▶ PROMPT:
Retype every record exactly. Skip the images.

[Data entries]
------------------------------------------------
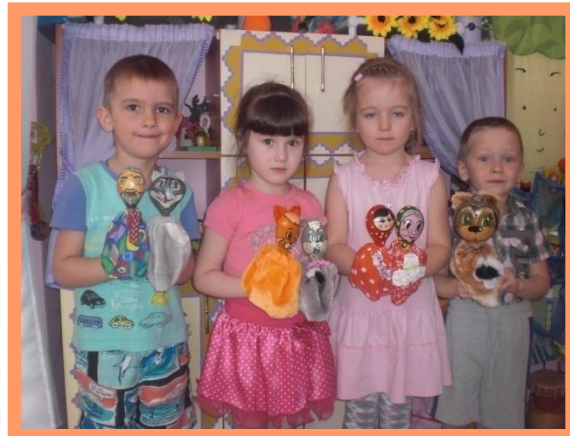
Театр на ложках
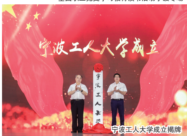
宁波工科大学成立揭牌
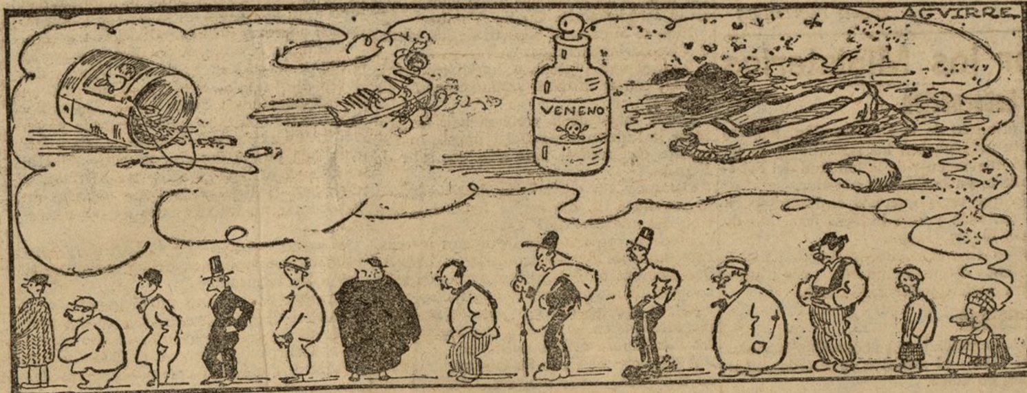
Proyecto de nuevas bases para el futuro contrato.
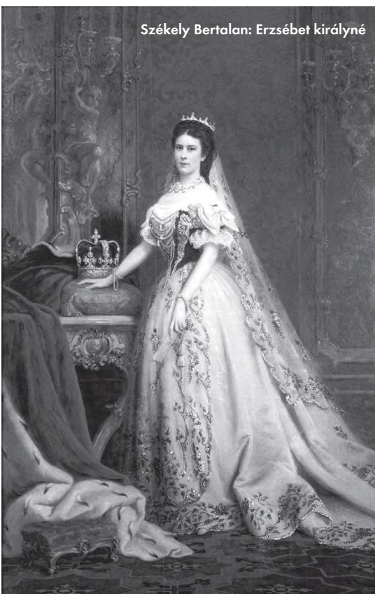
Székely Bertalan: Erzsébet királyné

Kisfaludy és Szigligeti mellett olyan, mára részben elfelejtett szerzők – ma is ismert című – műveit adták elő, mint Csepreghy Ferenc (1842–1880; például a Strogoff Mihály , amely a legtöbb előadást megélt, magyar szerző írta darab volt); Csiky Gergely (1842–1891; például A nagymama ), a már említett Dóczi (Dux) Lajos (például a Csók , óriási sikerrel); Gaál József (1811–1866; a Peleskei nótárius , erősen átalakítva); Gabányi Árpád (1855–1915; Az apósok ); Gerő Károly (1856–1904; Próbaházasság ); Jókai Mór (például Az arany ember ); Karczag Vilmos (1859–1923; Lemondás ); Murai Károly (1857–1933; Huszárszerelem ); Szigeti József (1822–1902; a Vén bakancsos , az aradi színtársulat magyar nyelvű előadásában); Tóth Ede (1844–1876; A falu rossza ). Az igazán jelentős magyar drámák közül egyedül Madách Imre (1823–1864) Az ember tragédiáját mutatták be 1892 júniusában az Ausstellungstheaterben, Dóczi fordításában, kedvező fogadtatással és kritikákkal. Az elő-
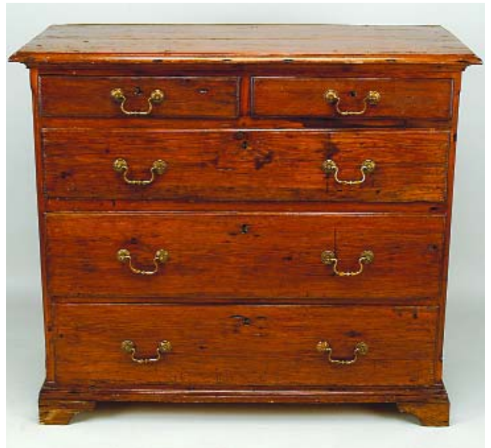
733 CÓMODA ESTILO D. MARIA EM CASQUINHA, portuguesa, séc. XIX, pequenas faltas e defeitos Dim. - 99 x 111 x 48 cm € 500 - 750
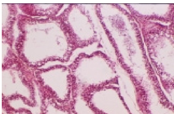
Фото 3. Яичко кролика на 40 день после окончания 15 дневного введения гуморальной фракции. Окраска гематоксилин-эозином. Ув. 40x8.

Во всех семенных канальцах цитоплазма клеток Сертоли значительно вакуолизирована – то есть они в состоянии гидropической дистрофии. В значительной части семенных канальцев отмечается смещение половых клеток в просвет канальцев. В отдельных канальцах в составе сперматогенного эпителия встречаются гигантские многоядерные клетки (в норме таких клеток нет). Базальная мембрана канальцев обычная, выражена на всём протяжении. Гормонопродуцирующие клетки (клетки Лейди́га) немногочисленны и представлены неактивными малыми формами.
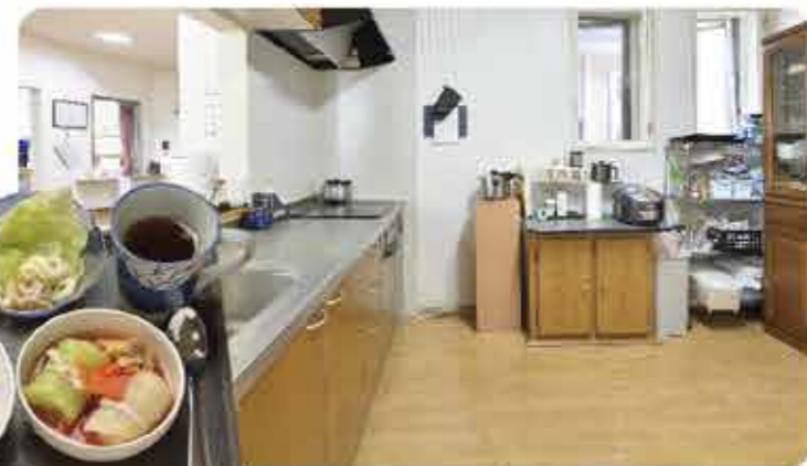
入居者にも安心なオール電化キッチン
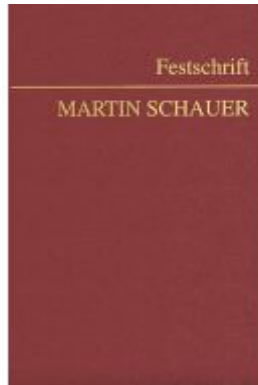
Festschrift Martin Schauer Ladenpreis: 178,00EUR
------------------------------------------------
▶ RESULT FOR THIS TASK:
Театр на ложках
宁波工科大学成立揭牌
Proyecto de nuevas bases para el futuro contrato.
Székely Bertalan: Erzsébet királyné

Kisfaludy és Szigligeti mellett olyan, mára részben elfelejtett szerzők – ma is ismert című – műveit adták elő, mint Csepreghy Ferenc (1842–1880; például a Strogoff Mihály , amely a legtöbb előadást megélt, magyar szerző írta darab volt); Csiky Gergely (1842–1891; például A nagymama ), a már említett Dóczi (Dux) Lajos (például a Csók , óriási sikerrel); Gaál József (1811–1866; a Peleskei nótárius , erősen átalakítva); Gabányi Árpád (1855–1915; Az apósok ); Gerő Károly (1856–1904; Próbaházasság ); Jókai Mór (például Az arany ember ); Karczag Vilmos (1859–1923; Lemondás ); Murai Károly (1857–1933; Huszárszerelem ); Szigeti József (1822–1902; a Vén bakancsos , az aradi színtársulat magyar nyelvű előadásában); Tóth Ede (1844–1876; A falu rossza ). Az igazán jelentős magyar drámák közül egyedül Madách Imre (1823–1864) Az ember tragédiáját mutatták be 1892 júniusában az Ausstellungstheaterben, Dóczi fordításában, kedvező fogadtatással és kritikákkal. Az elő-
733 CÓMODA ESTILO D. MARIA EM CASQUINHA, portuguesa, séc. XIX, pequenas faltas e defeitos Dim. - 99 x 111 x 48 cm € 500 - 750
Фото 3. Яичко кролика на 40 день после окончания 15 дневного введения гуморальной фракции. Окраска гематоксилин-эозином. Ув. 40x8.

Во всех семенных канальцах цитоплазма клеток Сертоли значительно вакуолизирована – то есть они в состоянии гидropической дистрофии. В значительной части семенных канальцев отмечается смещение половых клеток в просвет канальцев. В отдельных канальцах в составе сперматогенного эпителия встречаются гигантские многоядерные клетки (в норме таких клеток нет). Базальная мембрана канальцев обычная, выражена на всём протяжении. Гормонопродуцирующие клетки (клетки Лейди́га) немногочисленны и представлены неактивными малыми формами.
入居者にも安心なオール電化キッチン
Festschrift Martin Schauer Ladenpreis: 178,00EUR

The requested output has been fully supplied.